*** Opening Data segment ***

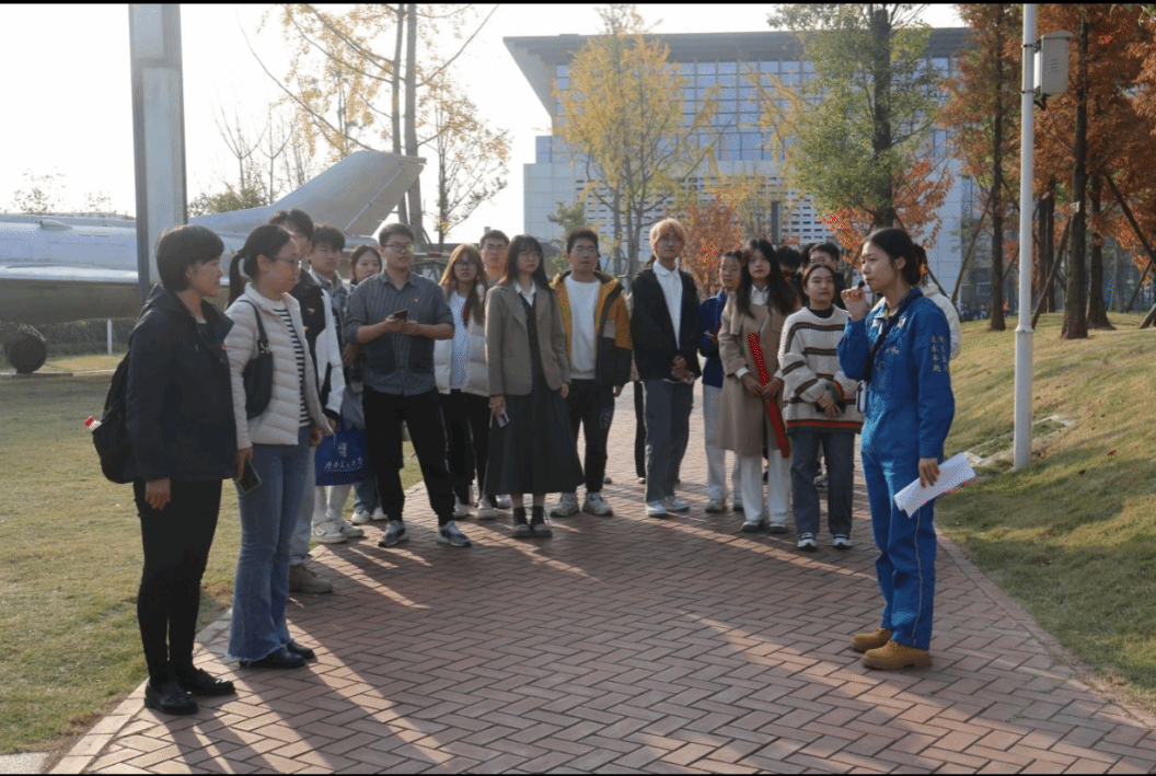 随后,成员们跟随讲解员移步室内展览馆。展览馆以“过去-现在-未来”的时空概念为陈列主线。其中主要展陈的板块有:飞行的探索、飞机与战争、飞机的心脏、飞行原理区、现代空中力量、空天一体新时代。在参观过程中,成员们深入了解了航空科技的发展和应用。航空科技涉及到众多学科领域,这加深了同学们对于交叉学科应用的理解,培养了跨学科思维,同时也激发了成员们强烈的爱国情怀。
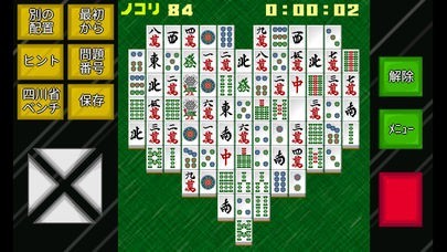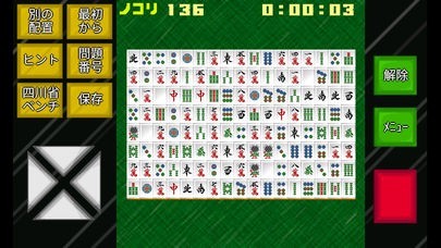 App Storeより引用麻雀牌で遊ぶ、おなじみの四川省で、二角取りとも呼ばれ、麻雀牌で遊ぶゲームとして上海(麻雀ソリティア)と並び有名です。
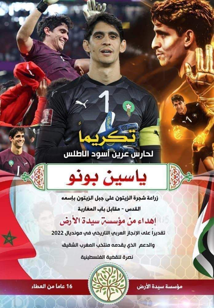 في مبادرة تكريمية للحارس الدولي المغربي ياسين بونو، الذي تألق رفقة زملائه في نهائيات كأس العالم، قررت مؤسسة “سيدة الأرض” الفلسطينية، غرس شجرة زيتون على جبل الزيتون بالقدس مقابل باب المغاربة، باسم حارس عرين منتخب الأسود.
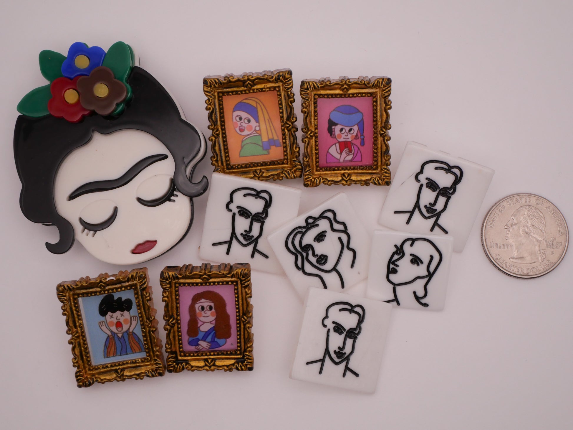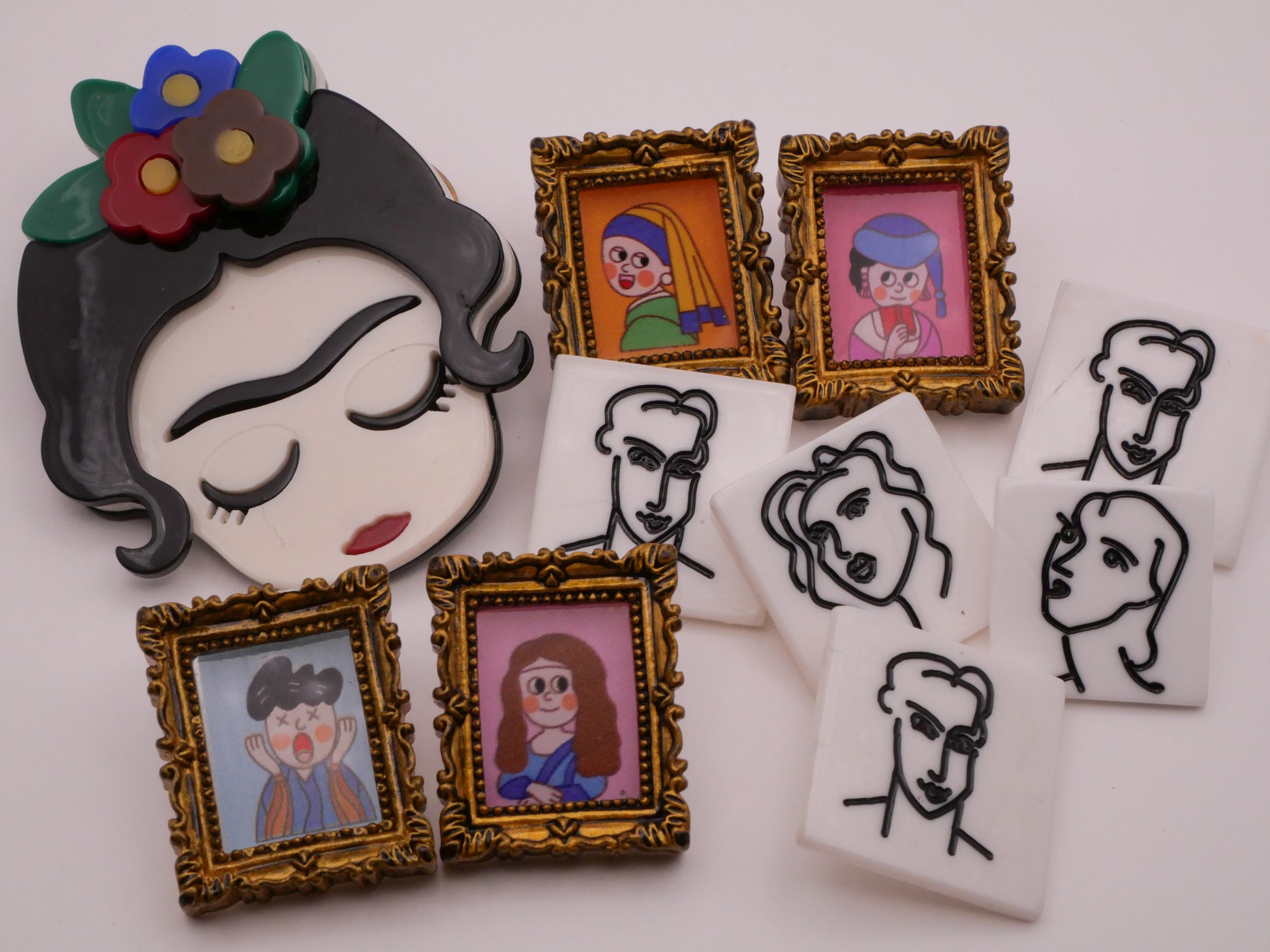 Art inspired buttons in plastic including large Frida, frames, and Matisse inspired.

*** Closing Data segment ***

What the exercise asks - Reproduce the data above exactly, but only from the line containing "App Storeより引用麻" through the line containing "في مبادرة تكريمية". Omit all pictures.

Solution to this problem -
 App Storeより引用麻雀牌で遊ぶ、おなじみの四川省で、二角取りとも呼ばれ、麻雀牌で遊ぶゲームとして上海(麻雀ソリティア)と並び有名です。
 في مبادرة تكريمية للحارس الدولي المغربي ياسين بونو، الذي تألق رفقة زملائه في نهائيات كأس العالم، قررت مؤسسة “سيدة الأرض” الفلسطينية، غرس شجرة زيتون على جبل الزيتون بالقدس مقابل باب المغاربة، باسم حارس عرين منتخب الأسود.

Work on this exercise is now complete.